ASSIGNMENT: Restate exactly the lines that run from the start of the records below to the line containing "Inhalt 150 ml, Ø", counting both ends, and nothing else; pictures stay out.

THE DATA:
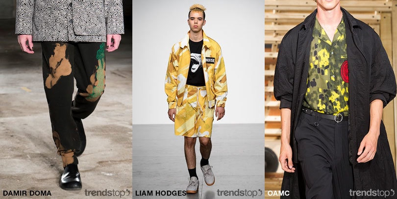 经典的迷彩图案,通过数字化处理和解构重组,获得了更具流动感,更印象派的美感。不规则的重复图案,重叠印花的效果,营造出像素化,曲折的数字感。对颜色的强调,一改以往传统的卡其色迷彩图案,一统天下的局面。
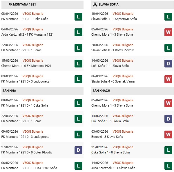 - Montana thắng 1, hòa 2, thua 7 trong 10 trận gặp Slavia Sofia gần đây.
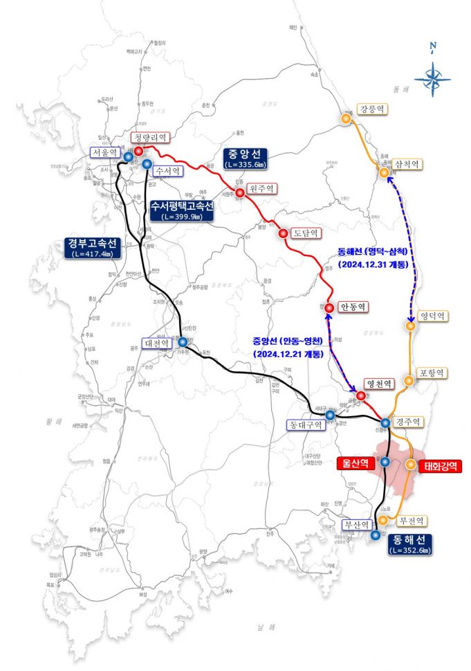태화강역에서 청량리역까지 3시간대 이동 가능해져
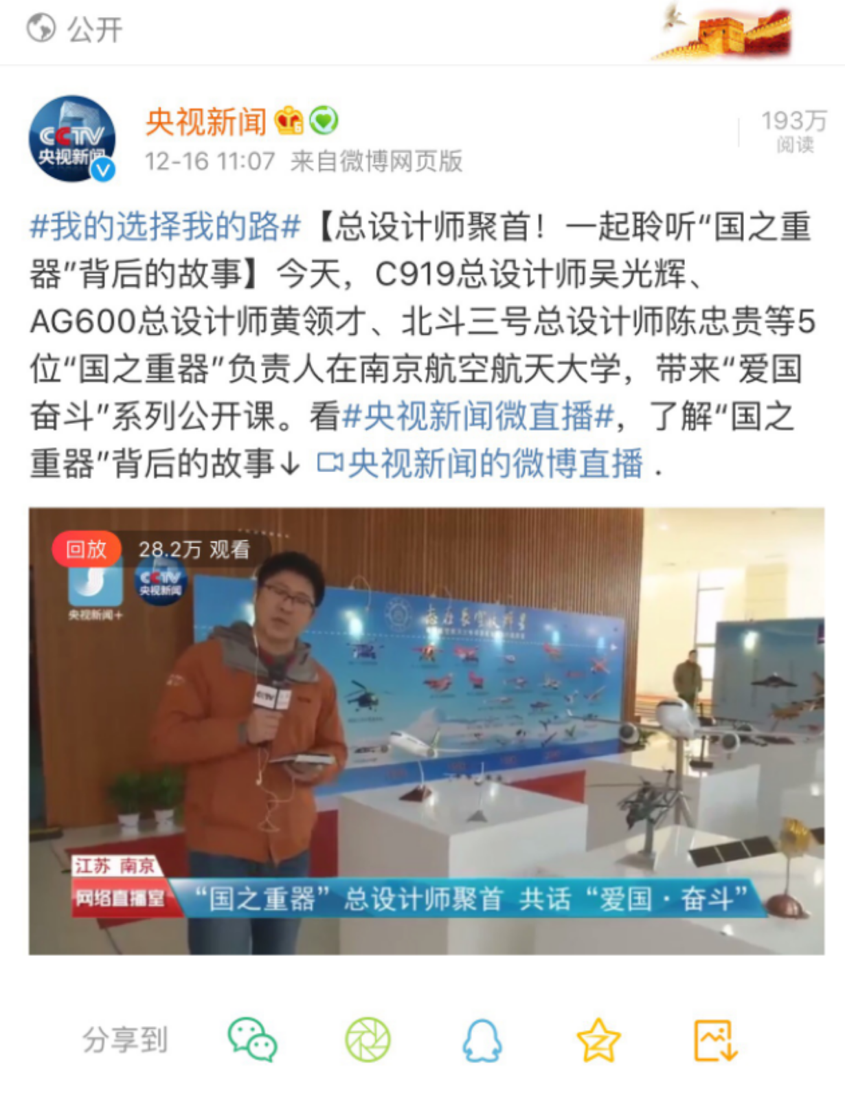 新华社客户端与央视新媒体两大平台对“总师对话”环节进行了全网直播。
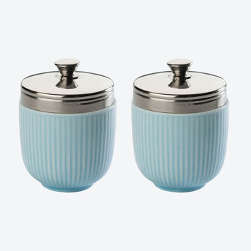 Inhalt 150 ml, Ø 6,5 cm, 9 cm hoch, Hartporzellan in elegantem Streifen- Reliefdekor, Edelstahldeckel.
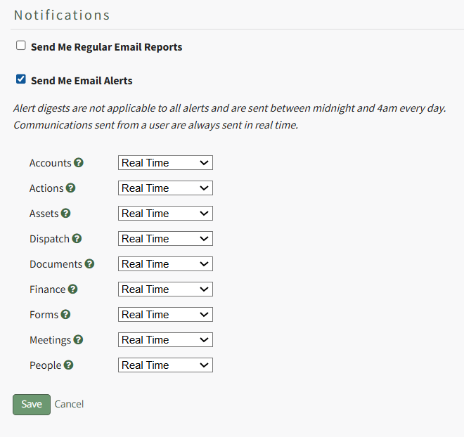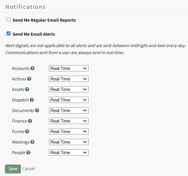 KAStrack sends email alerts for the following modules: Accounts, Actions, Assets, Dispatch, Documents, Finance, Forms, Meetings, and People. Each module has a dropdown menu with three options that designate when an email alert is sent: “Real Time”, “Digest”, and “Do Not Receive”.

ANSWER BELOW:
 经典的迷彩图案,通过数字化处理和解构重组,获得了更具流动感,更印象派的美感。不规则的重复图案,重叠印花的效果,营造出像素化,曲折的数字感。对颜色的强调,一改以往传统的卡其色迷彩图案,一统天下的局面。
 - Montana thắng 1, hòa 2, thua 7 trong 10 trận gặp Slavia Sofia gần đây.
태화강역에서 청량리역까지 3시간대 이동 가능해져
 新华社客户端与央视新媒体两大平台对“总师对话”环节进行了全网直播。
 Inhalt 150 ml, Ø 6,5 cm, 9 cm hoch, Hartporzellan in elegantem Streifen- Reliefdekor, Edelstahldeckel.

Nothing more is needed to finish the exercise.